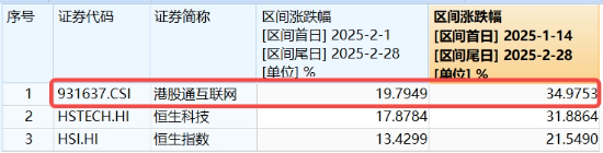 投资港股AI核心资产,认准港股通互联网指数。数据显示,自1月14日行情启动以来至2月28日,恒指、恒科指单月分别累计上涨21.55%、31.89%,而港股通互联网指数累计涨幅高达34.98%,弹性突出,是追踪本轮港股科网牛的高效率投资工具。
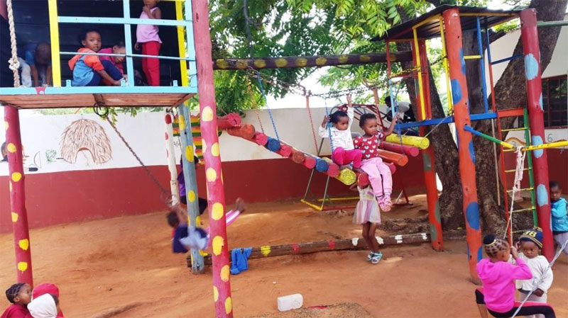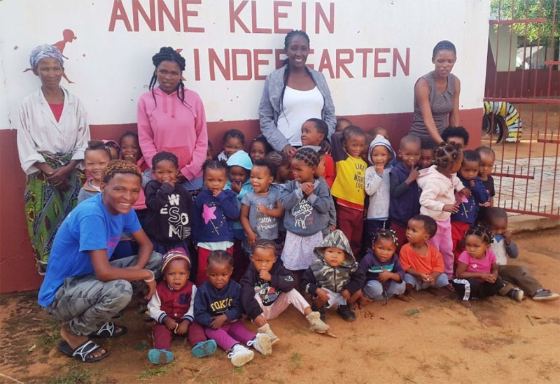 | Sorgfältig betreut von San-Kindergärtnerinnen und hier auch mit einem Kindergärtner bei den kleinen San der Ombili-Stiftung auf Farm Hedwigslust im Bezirk Tsumeb. Fotos Giesela Wieckhorst | 20 Jahre gefördert und gut erhalten, reges Leben im Anne Klein Kindergarten. |
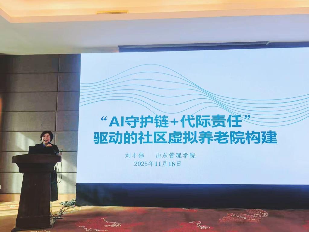 刘丰伟发言的主题是《“AI守护链+代际责任”驱动的社区虚拟养老院构建》,针对传统养老服务供给主体单一、人员参与不足、资源调配割裂等现实痛点,基于福利多元主义等理论支撑,提出构建“AI守护链+代际责任”驱动的社区虚拟养老院生态体系,通过积分机制有效联动“社区、高校、商家”三大圈层,形成“技术赋能、多元参与、激励相容”的可持续运行体系,为中国式社会化养老体系建设提供新的理论视角与实践路径。

_WHAT THIS TASK INVOLVES_.
Transcribe all of the listing precisely. The images stay out of it.

_FINAL ANSWER_.
 投资港股AI核心资产,认准港股通互联网指数。数据显示,自1月14日行情启动以来至2月28日,恒指、恒科指单月分别累计上涨21.55%、31.89%,而港股通互联网指数累计涨幅高达34.98%,弹性突出,是追踪本轮港股科网牛的高效率投资工具。
 | Sorgfältig betreut von San-Kindergärtnerinnen und hier auch mit einem Kindergärtner bei den kleinen San der Ombili-Stiftung auf Farm Hedwigslust im Bezirk Tsumeb. Fotos Giesela Wieckhorst | 20 Jahre gefördert und gut erhalten, reges Leben im Anne Klein Kindergarten. |
 刘丰伟发言的主题是《“AI守护链+代际责任”驱动的社区虚拟养老院构建》,针对传统养老服务供给主体单一、人员参与不足、资源调配割裂等现实痛点,基于福利多元主义等理论支撑,提出构建“AI守护链+代际责任”驱动的社区虚拟养老院生态体系,通过积分机制有效联动“社区、高校、商家”三大圈层,形成“技术赋能、多元参与、激励相容”的可持续运行体系,为中国式社会化养老体系建设提供新的理论视角与实践路径。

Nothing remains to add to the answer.